■ **INFORMATION SUPPLIED**
--- START ---

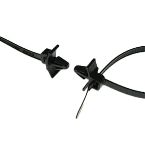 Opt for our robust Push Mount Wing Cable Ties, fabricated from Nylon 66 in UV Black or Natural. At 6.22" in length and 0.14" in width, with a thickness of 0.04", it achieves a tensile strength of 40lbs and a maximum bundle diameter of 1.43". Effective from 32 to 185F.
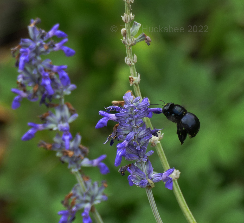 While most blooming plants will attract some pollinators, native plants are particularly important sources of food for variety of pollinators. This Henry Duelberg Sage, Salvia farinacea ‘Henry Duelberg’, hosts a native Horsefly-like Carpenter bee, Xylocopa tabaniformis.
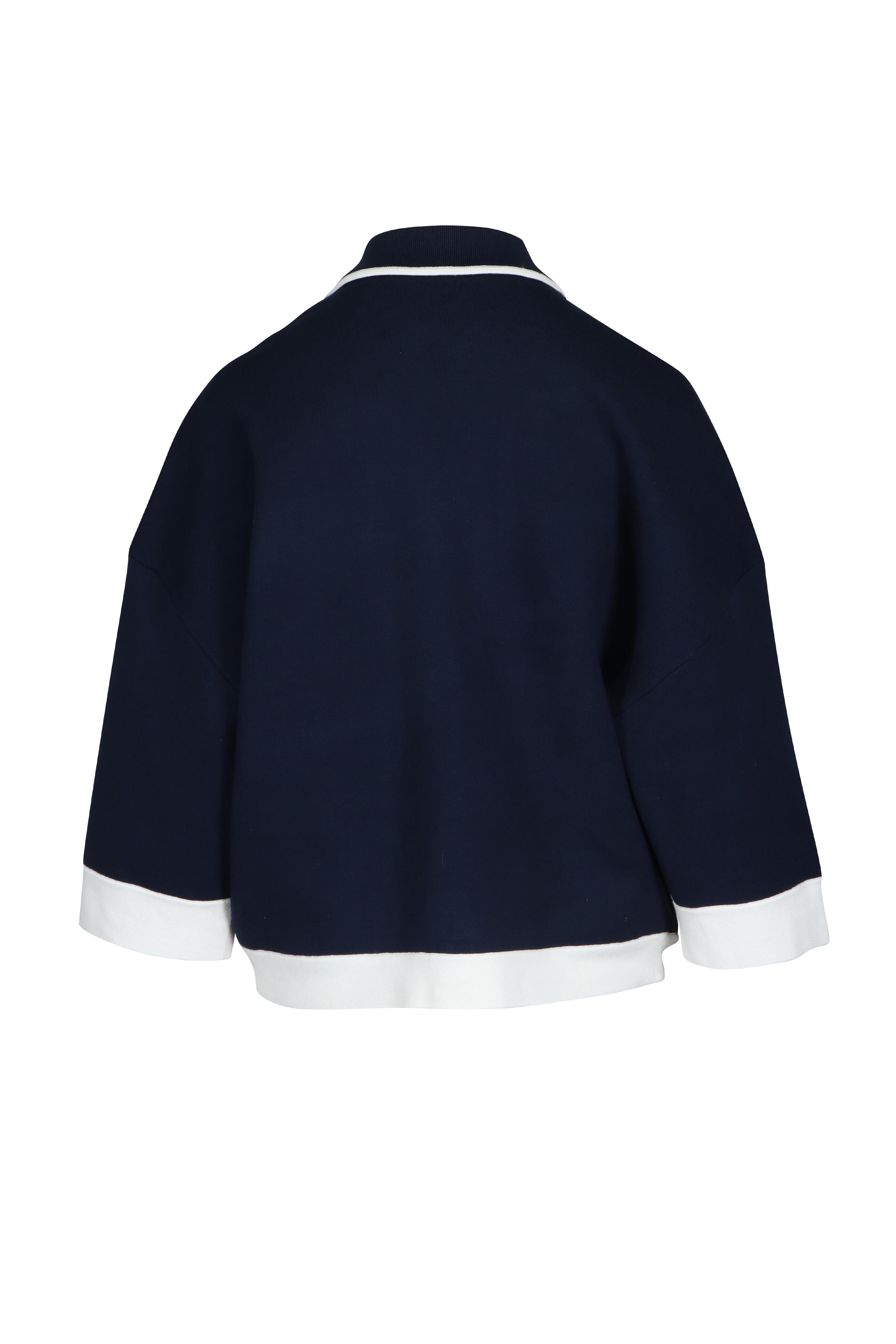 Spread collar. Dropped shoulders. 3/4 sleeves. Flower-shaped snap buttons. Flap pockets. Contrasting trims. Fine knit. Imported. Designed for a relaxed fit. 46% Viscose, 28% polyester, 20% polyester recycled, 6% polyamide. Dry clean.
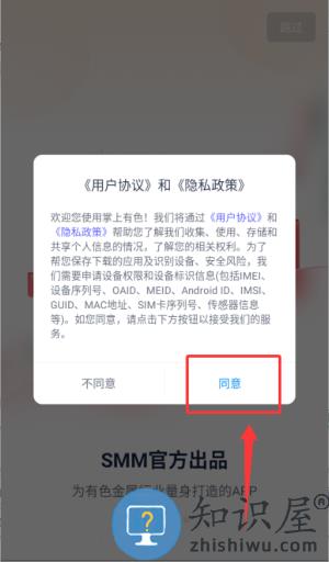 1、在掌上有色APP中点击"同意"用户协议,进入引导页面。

--- END ---

■ **PROBLEM STATEMENT**
Exactly as written, return each line above and leave the pictures behind.

■ **OUTPUT OF THE TASK**
 Opt for our robust Push Mount Wing Cable Ties, fabricated from Nylon 66 in UV Black or Natural. At 6.22" in length and 0.14" in width, with a thickness of 0.04", it achieves a tensile strength of 40lbs and a maximum bundle diameter of 1.43". Effective from 32 to 185F.
 While most blooming plants will attract some pollinators, native plants are particularly important sources of food for variety of pollinators. This Henry Duelberg Sage, Salvia farinacea ‘Henry Duelberg’, hosts a native Horsefly-like Carpenter bee, Xylocopa tabaniformis.
 Spread collar. Dropped shoulders. 3/4 sleeves. Flower-shaped snap buttons. Flap pockets. Contrasting trims. Fine knit. Imported. Designed for a relaxed fit. 46% Viscose, 28% polyester, 20% polyester recycled, 6% polyamide. Dry clean.
 1、在掌上有色APP中点击"同意"用户协议,进入引导页面。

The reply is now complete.